* What is needed:
Output every line below as it stands, dropping only the images.
▼
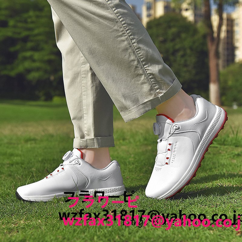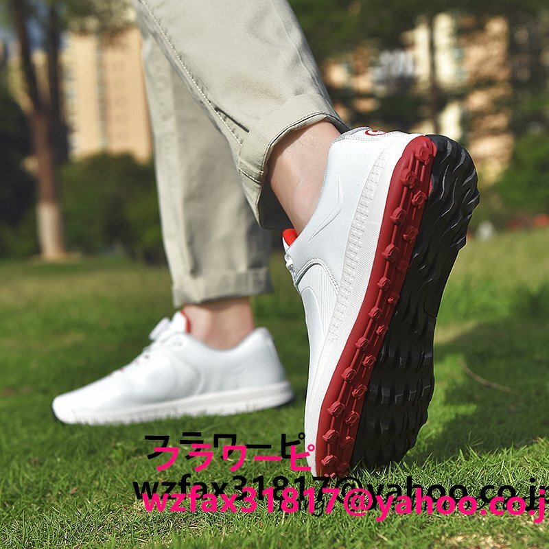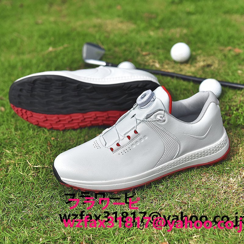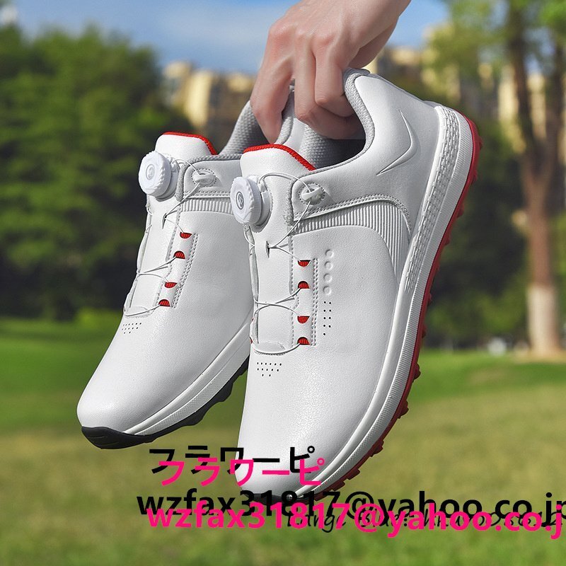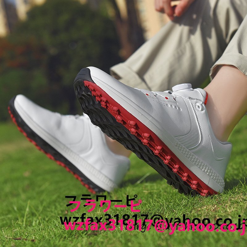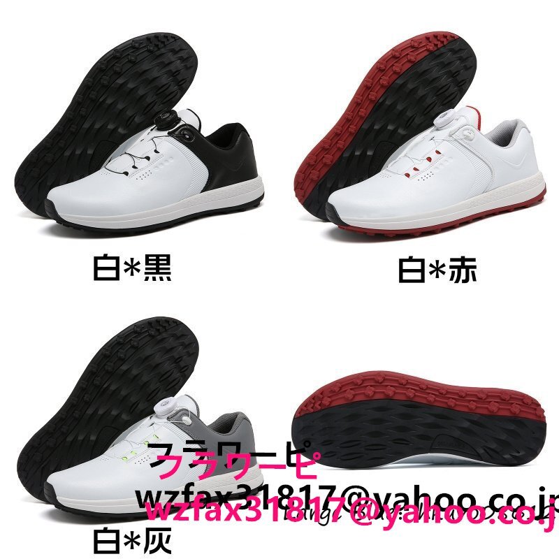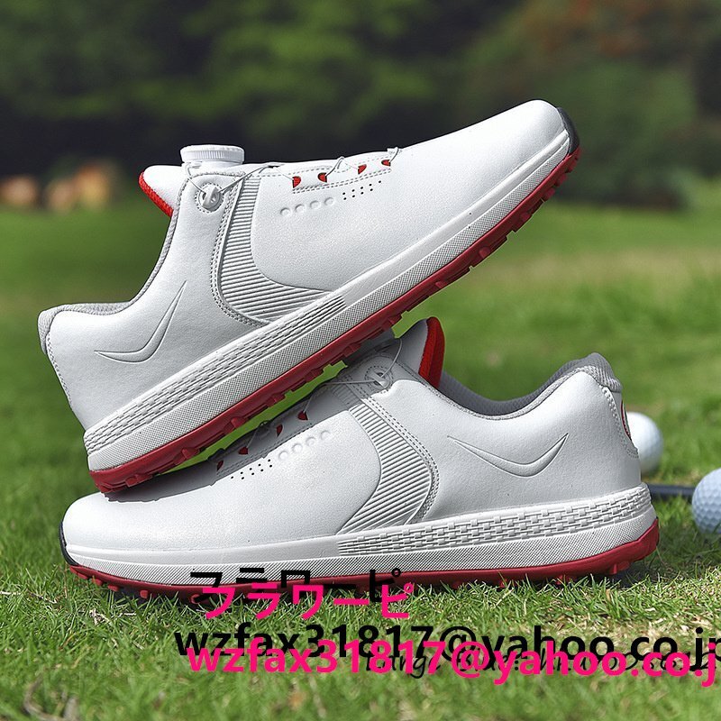 最新品★ゴルフシューズ ダイヤル式 スポーツシューズ メンズ 運動靴 幅広 フィット感 軽量 防水 防滑 耐磨 弾力性 白*赤 25.0cm
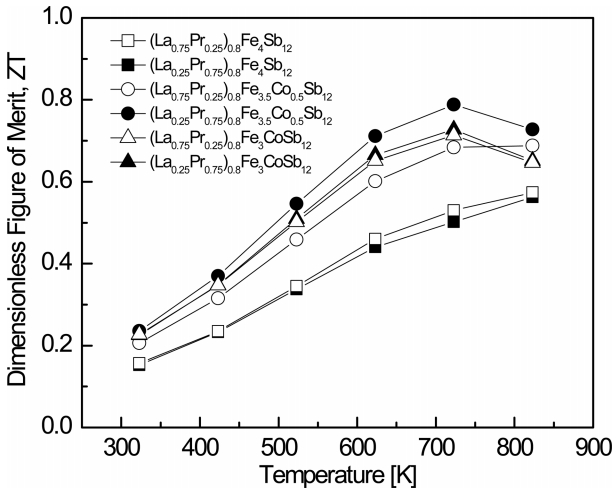 between 723 and 823 K for the Co-substituted specimens. The (La0.25Pr0.75)0.8Fe3.5Co0.5Sb12 showed the maximum ZT = 0.79 at 723 K. However, the fully-filled La0.75Pr0.25Fe4Sb12 showed the maximum ZT = 0.83 at 823 K. In this study, La and Pr were used as filling
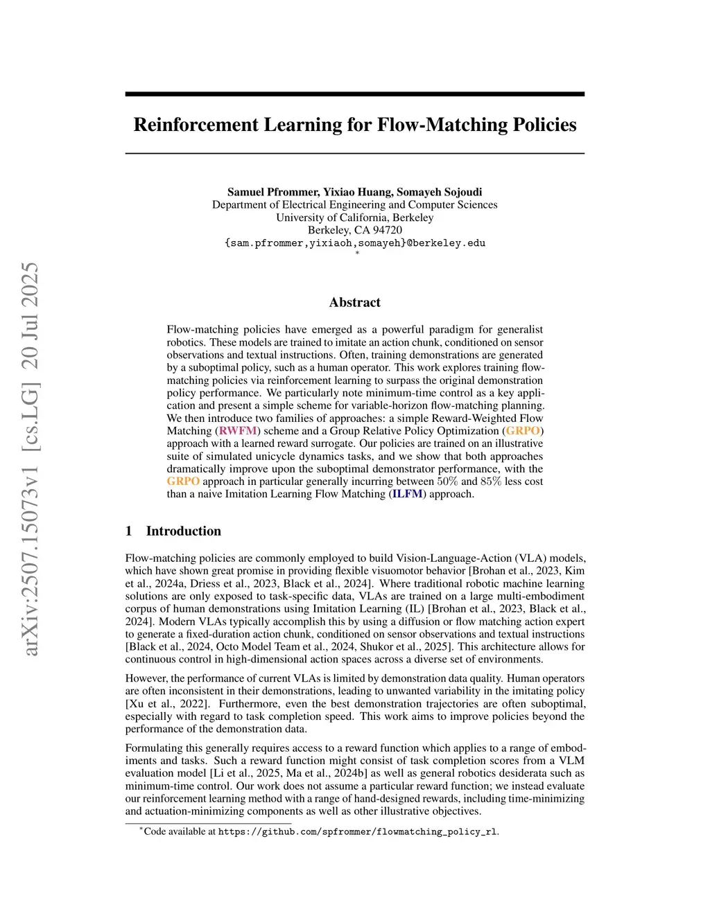 Flow-matching policies have emerged as a powerful paradigm for generalist robotics. These models are trained to imitate an action chunk, conditioned on sensor observations and textual instructions. Often, training demonstrations are generated by a suboptimal policy, such as a human operator. This work explores training flow-matching policies via reinforcement learning to surpass the original demonstration policy performance. We particularly note minimum-time control as a key application and present a simple scheme for variable-horizon flow-matching planning. We then introduce two families of approaches: a simple Reward-Weighted Flow Matching (RWFM) scheme and a Group Relative Policy Optimization (GRPO) approach with a learned reward surrogate. Our policies are trained on an illustrative suite of simulated unicycle dynamics tasks, and we show that both approaches dramatically improve upon the suboptimal demonstrator performance, with the GRPO approach in particular generally incurring between and less cost than a naive Imitation Learning Flow Matching (ILFM) approach.
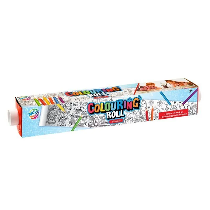 Malrolle mit Aufdruck 2.5mx42cm mit 6 Buntstiften.
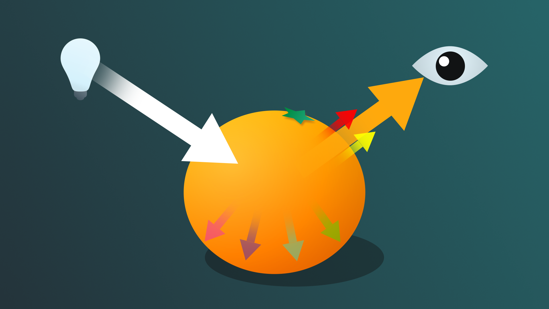The color of an object impacts how it absorbs and reflects light. When light waves hit an orange, for example, orange light is reflected and the rest of the colors in the spectrum are absorbed by the orange, so you won’t see them. When the reflected light hits a sensor (like the retina in your eye), you will perceive the orange as the color orange.
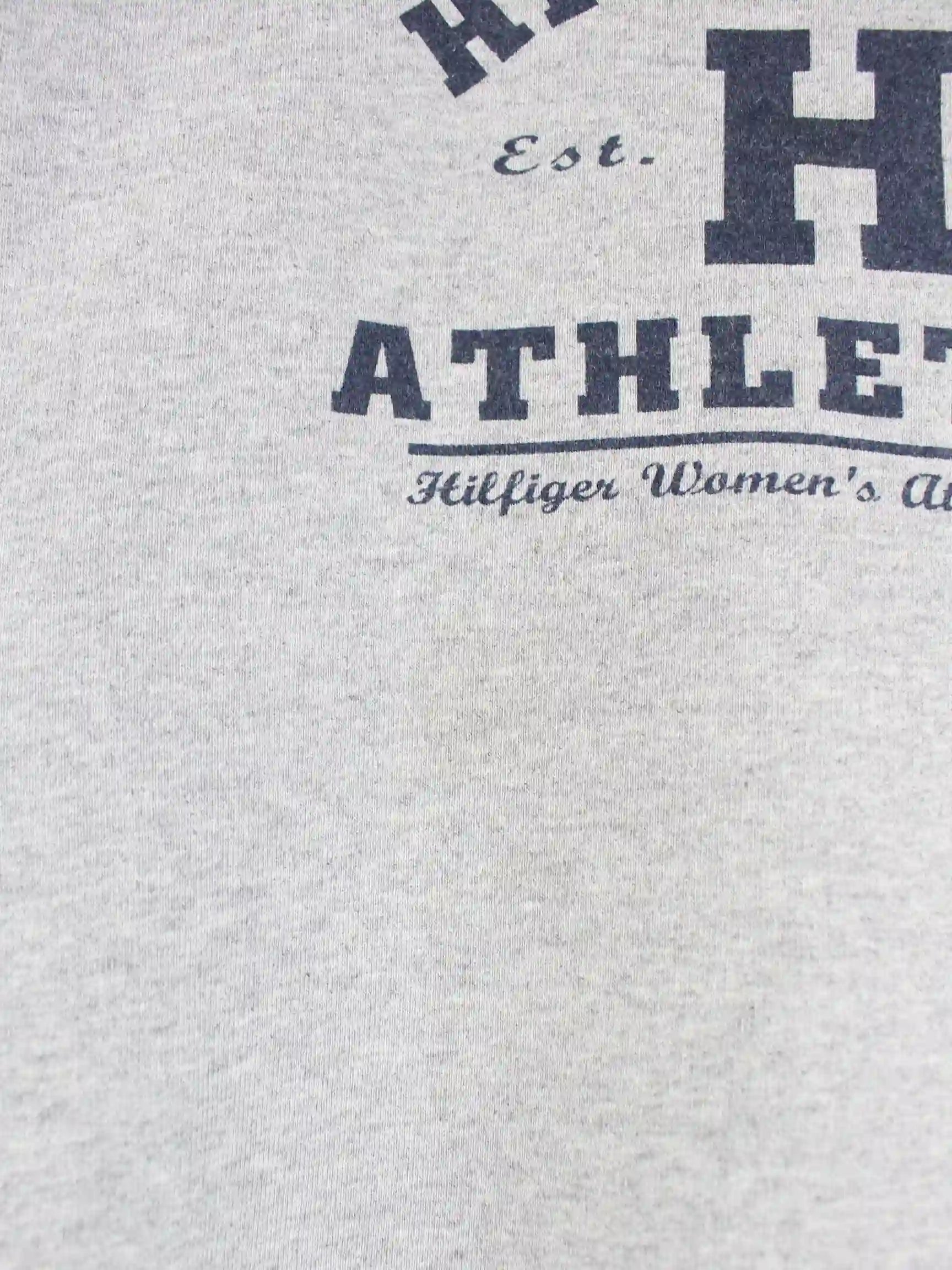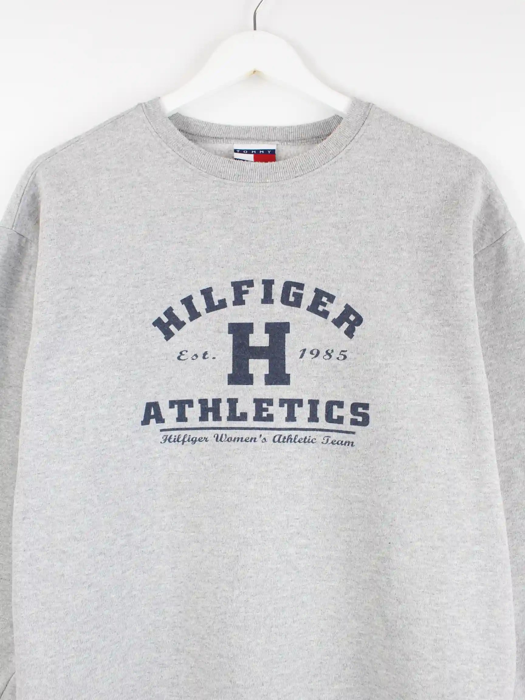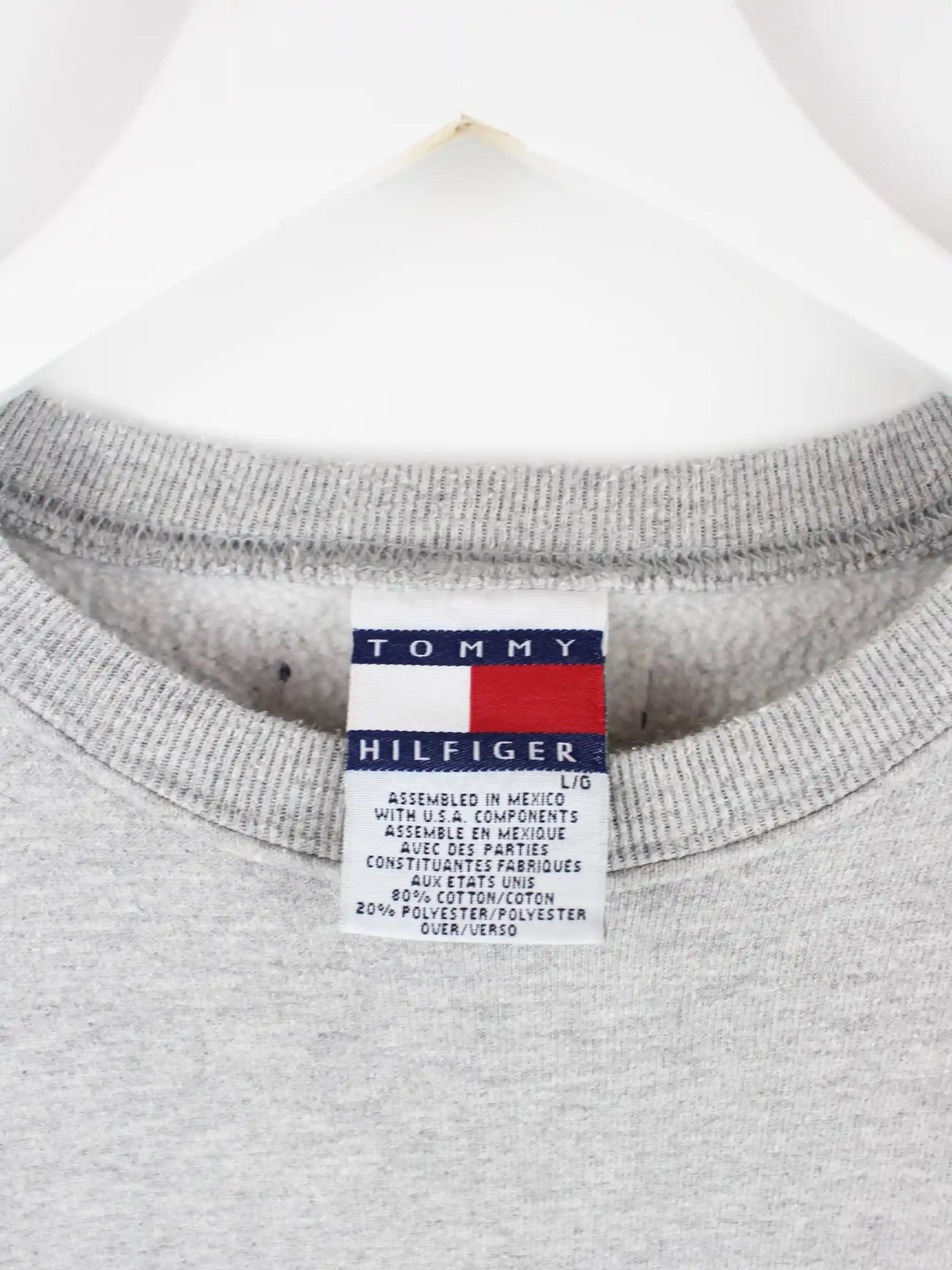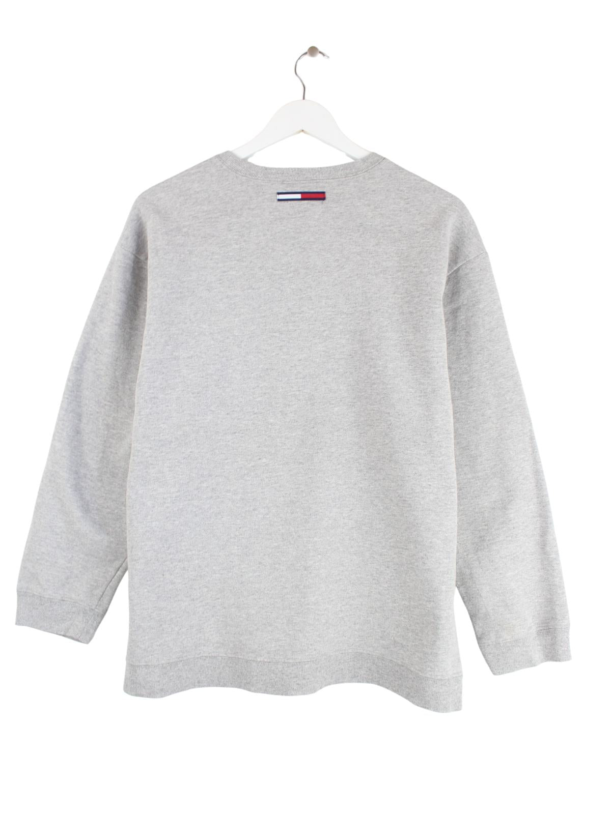 Grauer Sweater der Marke Tommy Hilfiger in Größe L. Er ist aus einer Baumwollmischung angefertigt und in gutem Zustand im Angebot. Mit schickem 00s Print.
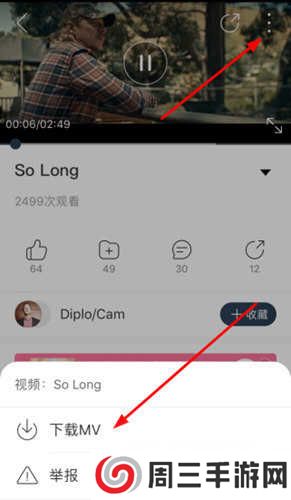 首先你需要进入想要下载的MV页面,不要全屏播放并轻点播放界面,出现菜单,点击右上角【三个点】按钮,接着在下方弹出菜单中点击【下载MV】即可。然后下载的清晰度
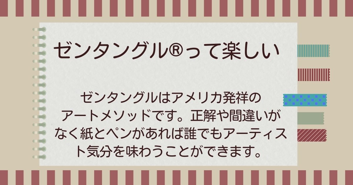ゼンタングル®はアメリカ発祥のアートメソッドです。絵を描くのが得意な人、そうでない人、誰でも、簡単にパターン化された模様を繰り返し描くことで素敵な作品を作ることが出来ます。
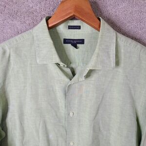 Banana Republic Shirt Mens XL Green Linen Blend Fitted Button Up Long Sleeve
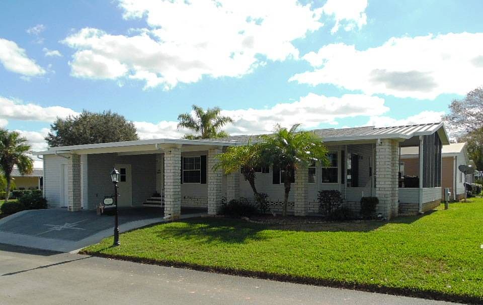 Lot 175 has an awesome split floor plan that has been well cared for and is a delight to the eye when you walk through the door. Located on a large corner lot on a quiet street with low traffic you'll appreciate the privacy this location has to offer. Drywall is featured throughout the main living area and bedrooms. All new carpeting installed in 2017. Enjoy a sneak peek view of the golf course from the Lanai. New Roof in 2015 and New A/C in 2017. Home is being sold mostly furnished and purchase includes golf cart plus ONE YEAR FREE GOLF!
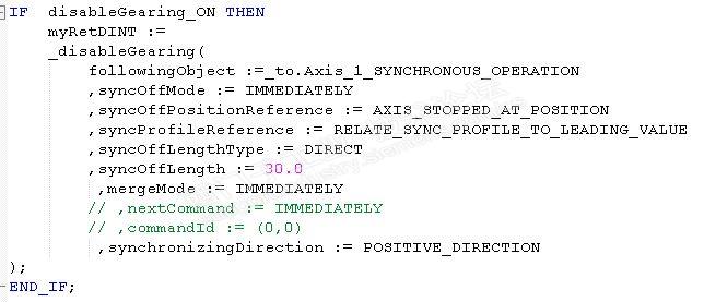 syncOffMode := ON_MASTER_POSITION/ON_SLAVE_POSITION 就停不下来
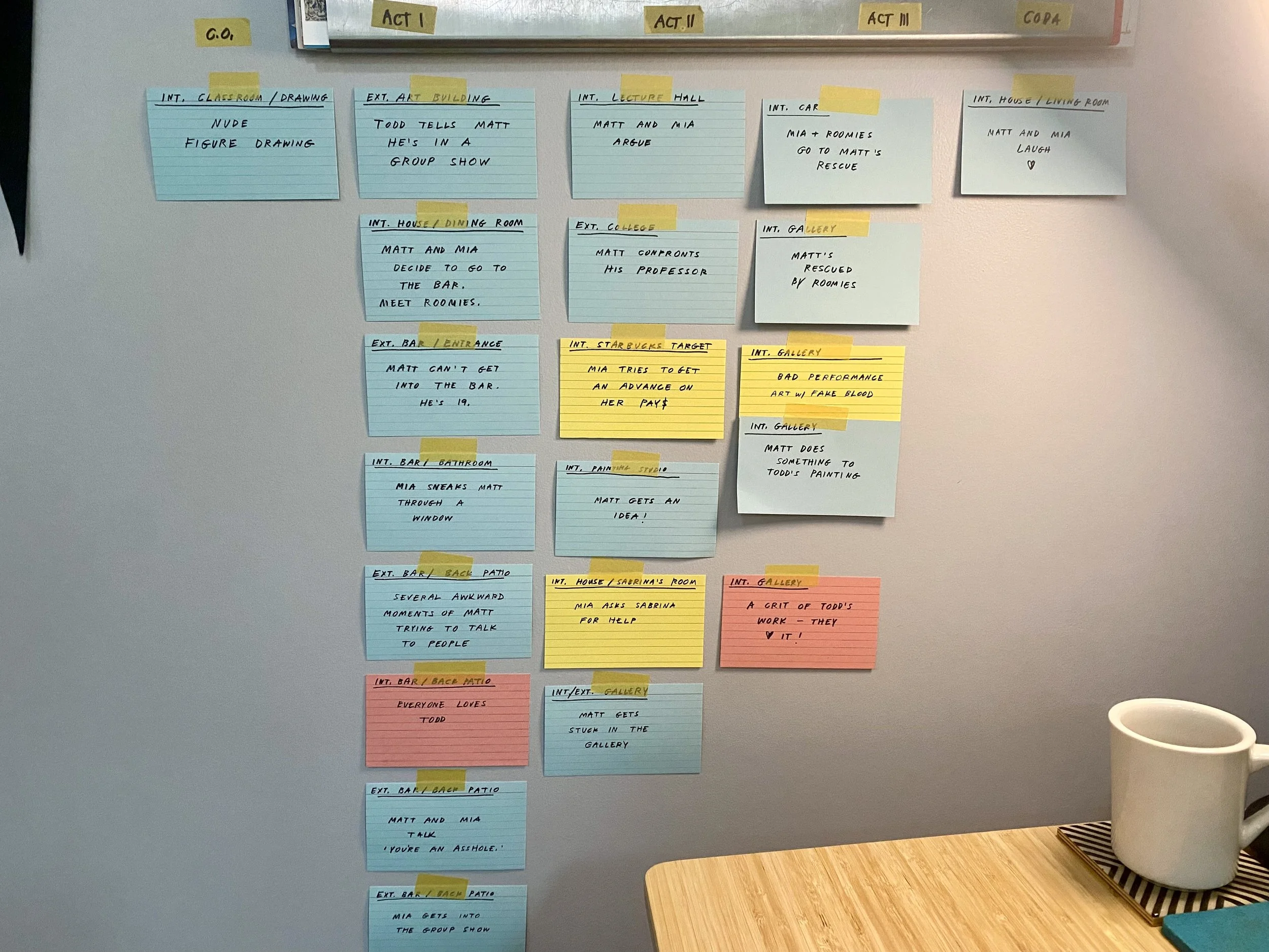 In five weeks I: created an elevator pitch for a comedy pilot, pitched it orally to a writing partner, got feedback, made character sheets, watched like-minded comedy pilots (Adults, Broad City, Alone Together) and broke them down scene by scene, told my pilot story out loud to a writing partner, got more feedback, made cards of scenes/beats, told the story from the cards, and turned the cards into an outline. I am currently writing my (vomit pass + 2 revision) draft, where the magic happens.
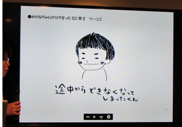 なぜ、めがねちゃんはEDに詳しいのか。何を隠そう、彼女は“元カレ3人がED”(しかも、最初の2人は連続)という過去を持っていたのです。「中折れくん(当時、35歳)」「たたないくん(当時、27歳)」「途中からできなくなってしまったくん(当時、29歳)」などがいたそうですが、特に3人目の彼は、めがねちゃんの「私のせいでできなくなったの?」という発言をきっかけに、言葉の暴力も始まったそう。「EDの彼にそのセリフは禁句ですよ!」とめがねちゃん。
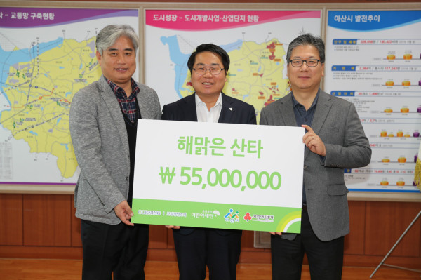 [아산=박명수 기자] 충남 아산시가 최근 코닝정밀소재(주)와 (사)초록우산 어린이재단 충남지역본부로부터 난방비 및 지역아동센터 크리스마스 선물비용을 위한 5500만원을 전달받았다.
▲
* Solution below:
 最新品★ゴルフシューズ ダイヤル式 スポーツシューズ メンズ 運動靴 幅広 フィット感 軽量 防水 防滑 耐磨 弾力性 白*赤 25.0cm
 between 723 and 823 K for the Co-substituted specimens. The (La0.25Pr0.75)0.8Fe3.5Co0.5Sb12 showed the maximum ZT = 0.79 at 723 K. However, the fully-filled La0.75Pr0.25Fe4Sb12 showed the maximum ZT = 0.83 at 823 K. In this study, La and Pr were used as filling
 Flow-matching policies have emerged as a powerful paradigm for generalist robotics. These models are trained to imitate an action chunk, conditioned on sensor observations and textual instructions. Often, training demonstrations are generated by a suboptimal policy, such as a human operator. This work explores training flow-matching policies via reinforcement learning to surpass the original demonstration policy performance. We particularly note minimum-time control as a key application and present a simple scheme for variable-horizon flow-matching planning. We then introduce two families of approaches: a simple Reward-Weighted Flow Matching (RWFM) scheme and a Group Relative Policy Optimization (GRPO) approach with a learned reward surrogate. Our policies are trained on an illustrative suite of simulated unicycle dynamics tasks, and we show that both approaches dramatically improve upon the suboptimal demonstrator performance, with the GRPO approach in particular generally incurring between and less cost than a naive Imitation Learning Flow Matching (ILFM) approach.
 Malrolle mit Aufdruck 2.5mx42cm mit 6 Buntstiften.
The color of an object impacts how it absorbs and reflects light. When light waves hit an orange, for example, orange light is reflected and the rest of the colors in the spectrum are absorbed by the orange, so you won’t see them. When the reflected light hits a sensor (like the retina in your eye), you will perceive the orange as the color orange.
 Grauer Sweater der Marke Tommy Hilfiger in Größe L. Er ist aus einer Baumwollmischung angefertigt und in gutem Zustand im Angebot. Mit schickem 00s Print.
 首先你需要进入想要下载的MV页面,不要全屏播放并轻点播放界面,出现菜单,点击右上角【三个点】按钮,接着在下方弹出菜单中点击【下载MV】即可。然后下载的清晰度
ゼンタングル®はアメリカ発祥のアートメソッドです。絵を描くのが得意な人、そうでない人、誰でも、簡単にパターン化された模様を繰り返し描くことで素敵な作品を作ることが出来ます。
 Banana Republic Shirt Mens XL Green Linen Blend Fitted Button Up Long Sleeve
 Lot 175 has an awesome split floor plan that has been well cared for and is a delight to the eye when you walk through the door. Located on a large corner lot on a quiet street with low traffic you'll appreciate the privacy this location has to offer. Drywall is featured throughout the main living area and bedrooms. All new carpeting installed in 2017. Enjoy a sneak peek view of the golf course from the Lanai. New Roof in 2015 and New A/C in 2017. Home is being sold mostly furnished and purchase includes golf cart plus ONE YEAR FREE GOLF!
 syncOffMode := ON_MASTER_POSITION/ON_SLAVE_POSITION 就停不下来
 In five weeks I: created an elevator pitch for a comedy pilot, pitched it orally to a writing partner, got feedback, made character sheets, watched like-minded comedy pilots (Adults, Broad City, Alone Together) and broke them down scene by scene, told my pilot story out loud to a writing partner, got more feedback, made cards of scenes/beats, told the story from the cards, and turned the cards into an outline. I am currently writing my (vomit pass + 2 revision) draft, where the magic happens.
 なぜ、めがねちゃんはEDに詳しいのか。何を隠そう、彼女は“元カレ3人がED”(しかも、最初の2人は連続)という過去を持っていたのです。「中折れくん(当時、35歳)」「たたないくん(当時、27歳)」「途中からできなくなってしまったくん(当時、29歳)」などがいたそうですが、特に3人目の彼は、めがねちゃんの「私のせいでできなくなったの?」という発言をきっかけに、言葉の暴力も始まったそう。「EDの彼にそのセリフは禁句ですよ!」とめがねちゃん。
 [아산=박명수 기자] 충남 아산시가 최근 코닝정밀소재(주)와 (사)초록우산 어린이재단 충남지역본부로부터 난방비 및 지역아동센터 크리스마스 선물비용을 위한 5500만원을 전달받았다.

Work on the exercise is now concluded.